A little present for you!


----------



## moodywop

Come faremmo all'IE forum senza Elaine, maestra di _witty repartee _e umorismo sottile, nonché di slang americano e _Yiddish swearwords _? 

Grazie, Elaine, per il buonumore che trasmette ogni tuo _post _e le tue _flawless_ traduzioni, ma soprattutto per la tua amicizia. 

Carlo


----------



## shamblesuk

Yes, congrats and thanks Elaine for some fantastic posts and explanations. You've helped me and many others so much.

And I'm not just getting soppy because 'City Slickers' is on the telly......

Lee


----------



## lsp

Dearest *ElaineG*, _I_ was really first to recognize your milestone, to congratulate and thank you for your wit and wisdom, to compliment your command of both English and Italian (and some new languages you seem to be picking up astonishingly quickly), but _that_ message was sent telepathically. I'm just documenting it _here_ (6th, but who's counting) for the public record  
*It is damn good to have you here.*​
ps I'm thinking of getting a tattoo that says "ti volgio [sic] bene, ElaineG!" - does that mean what I think it means


----------



## ElaineG

Siete tutti troppo gentili. Non riesco a ricordare come ho passato il mio tempo prima di WRF e voi (purtroppo il mio capo lo ricorda benessimo!)

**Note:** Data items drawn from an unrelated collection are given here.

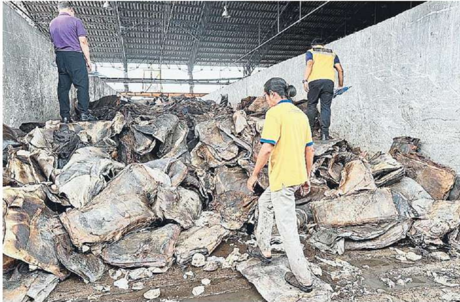
อายัดยาง จนท.การยางฯ จ.กระบี่ ร่วมกับตำรวจ ตรวจสอบโรงงานยาง บ.ไทยแมคเคสทีอาร์ ส.เมทลา อ.คลองท่อม จ.กระบี่ พบยางแผ่นดิบน้ำหนักรวม 245,421 กก. มูลค่ากว่า 18 ล้านบาท สั่งอายัดไว้ตรวจสอบหาแหล่งที่มาให้แน่ชัด.
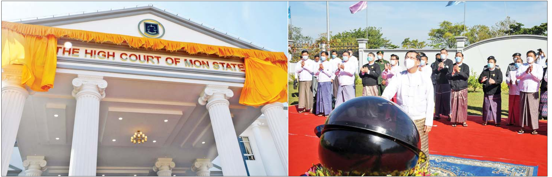
နိုင်ငံတော်စီမံအုပ်ချုပ်ရေးကောင်စီဥက္ကဋ္ဌ နိုင်ငံတော်ဝန်ကြီးချုပ် ဗိုလ်ချုပ်မှူးကြီး မင်းအောင်လှိုင် မွန်ပြည်နယ်တရားလွှတ်တော်ဆိုင်းဘုတ်အား စက်ခလုတ်နှိပ်ဖွင့်လှစ်ပေးစဉ်။

☆ ရှေ့ဖုံးမှ ဦးစွာနိုင်ငံတော်စီမံအုပ်ချုပ်ရေးကောင်စီဥက္ကဋ္ဌ နိုင်ငံတော်ဝန်ကြီးချုပ်နှင့် အဖွဲ့ဝင်များသည် မွန်ပြည်နယ် တရားလွှတ်တော်အဆောက်အအုံသစ် ဖွင့်ပွဲအခမ်းအနားသို့ ရောက်ရှိကြရာ ဒေသခံတိုင်းရင်းသားများနှင့် ဥပဒေရေးရာဝန်ထမ်းများက ကြိုဆိုနှုတ်ဆက်ကြသည်။ ယင်းနောက် ပြည်ထောင်စု တရားသူကြီးချုပ် ဦးထွန်းထွန်းဦး၊ ဆောက်လုပ်ရေးဝန်ကြီးဌာန ပြည်ထောင်စုဝန်ကြီးဦးမျိုးသန့်၊ ပြည်နယ်ဝန်ကြီးချုပ်
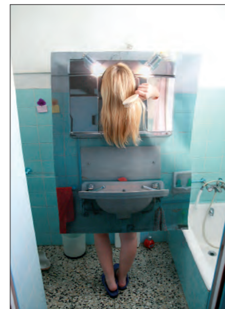
Ariadna Parreu Gerundios domésticos

Video a partir de la canción "flashback al revés" de Klaus & Kinski. Hecho con 1800 fotografías, 7 cartuchos de tinta y mucha paciencia.
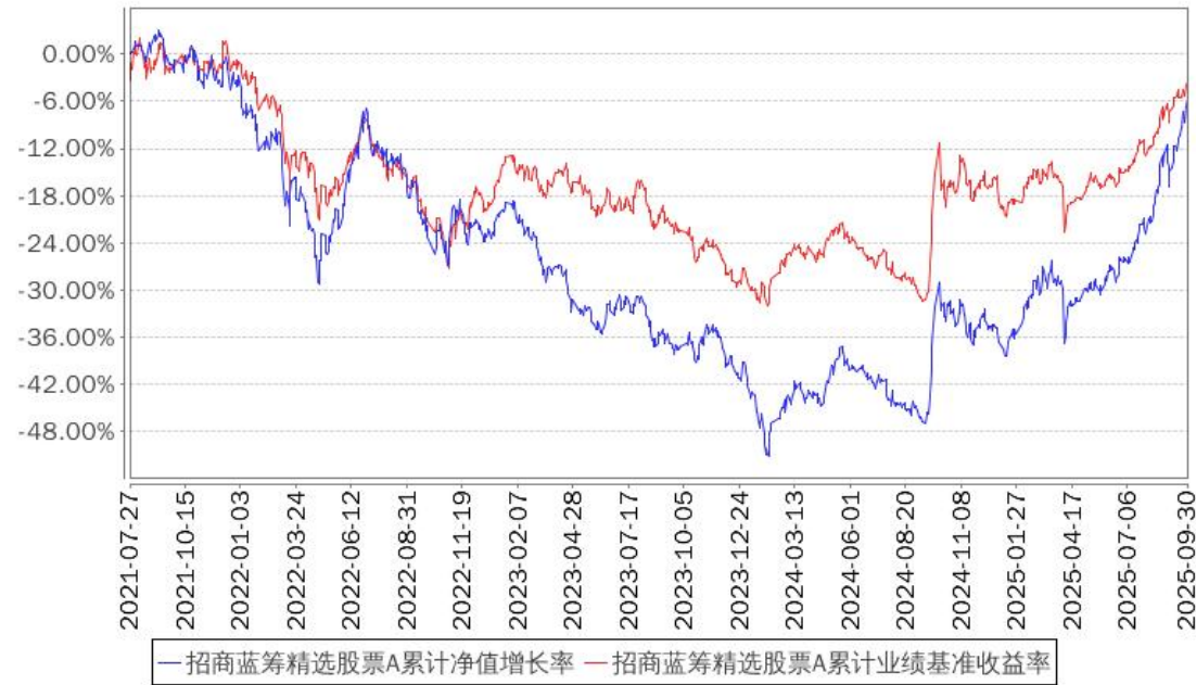
招商蓝筹精选股票A累计净值增长率与同期业绩比较基准收益率的历史走势对比图
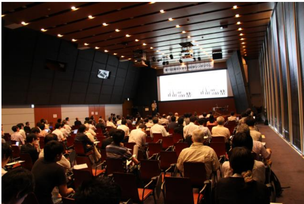
講演会場メインスクリーンに、講演スライド広告を流します。（昨年の会場の写真）
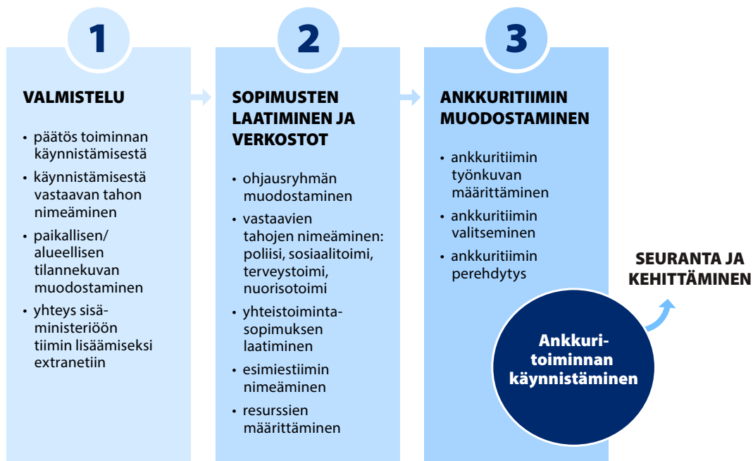
Kuvio 5. Ankkuritoiminnan paikallinen tai alueellinen käynnistäminen

Valtakunnallisesti tavoitteena on, että ankkuri toimii kaikilla alueilla ja kaikissa maakunnissa. Tällä pyritään varmistamaan, että nuoret ovat yhdenvertaisessa asemassa ankkuripalveluiden suhteen. Ankkuritoiminta perustuu yhteisille kansallisille toimintaperiaatteille, mutta se järjestetään vastaamaan paikallisiin ja alueellisiin tarpeisiin ja erityispiirteisiin. Ankkuritoiminnan suunnittelu ja organisointi alkavat paikallisesta, alueellisesta tai seudullisesta päätöksestä käynnistää moniammatillinen yhteistyö nuorten varhaiseen puuttumiseen, hyvinvoinnin edistämiseen ja rikosten ennaltaehkäisemiseen (Kuvio 5). Ankkuritoiminnan käynnistäminen edellyttää, että toiminta valmistellaan, laaditaan yhteistyösopimukset ja luodaan verkostot sekä muodostetaan ankkuritiimi ja varmistetaan sen toimintaedellytykset.
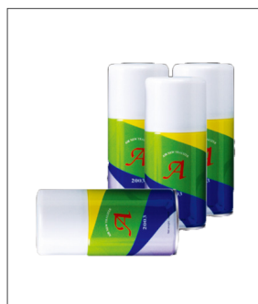
품명 고급형 캔방향제 포장단위 12개입

Vi ringrazio per le lezioni, la sensibilità, il divertimento e l'amicizia.

This is really a great place, with a great group of people. Aww, I feel all mushy now.


----------



## cuchuflete

Elaine,

When you get unmushied, please accept some more congratulazioni and many thanks for your fine contributions.

Un abbraccio,
Cuchu


----------



## Jana337

Oh my, why is everyone so quick? 

Mushmushmush!

Auguri, Elaine. 

Jana


----------



## panjandrum

It's always a pleasure to see another primate pass the kilopost marker 

I'm posting my good wishes here after yet another experience of scrolling down a thread to find that ElaineG has posted exactly what I had in mind 

Mushy is Good.


----------



## winnie

come al solito mi tocca essere la 'maglia nera' !
che dire?
_complimenti_ e _felicitazioni_ sono parole troppo banali per attestare la grande competenza, vitalità ed arguzia che distribuisci nei tuoi interventi!
un grazie di cuore per tutto quello che fai!


----------



## JazzByChas

I haven't "spoken" to you much, Elaine, especially in Italian, since I can't speak it, but here's wishing another New Yorker (my favorite people) a happy first mille-postiversary (copyright fenixpollo, 2005)

_So...how youuse doin'...uh...?  _

_Oh..p.s. the mush will soon turn to alfredo...that and a little Pinot Grigion...and it's all good... _


----------



## Kelly B

Congratulations!


----------



## DesertCat

I'm a little slow this week.  I just noticed you were over 1000.  

Just wanted to thank you for all of your great posts.  I would be happy if I could write half as well as you do in Italian.


----------



## Mei

CONGRATULATIONS!!

Mei


----------



## ElaineG

So many thanks to all of you also; the mush continues (and yes, *chas*, if it turned into a nice sauce, I'd be the last person to complain!).


----------



## Idioteque

Oh Elaine, I apologise for being so late!  I just hadn't realised that you had already reached such a great number of posts! 
The others have already said what I would like to say, so I just want to add that the IE forum wouldn't be the same without your lovely humour and your brilliant explanations... You've helped me out so many times! I just hope you'll stay with us! 

Un bacione, Laura 

P.S: oh my, why am I always late?


----------



## DAH

anche'io grazie per essere qui'.


----------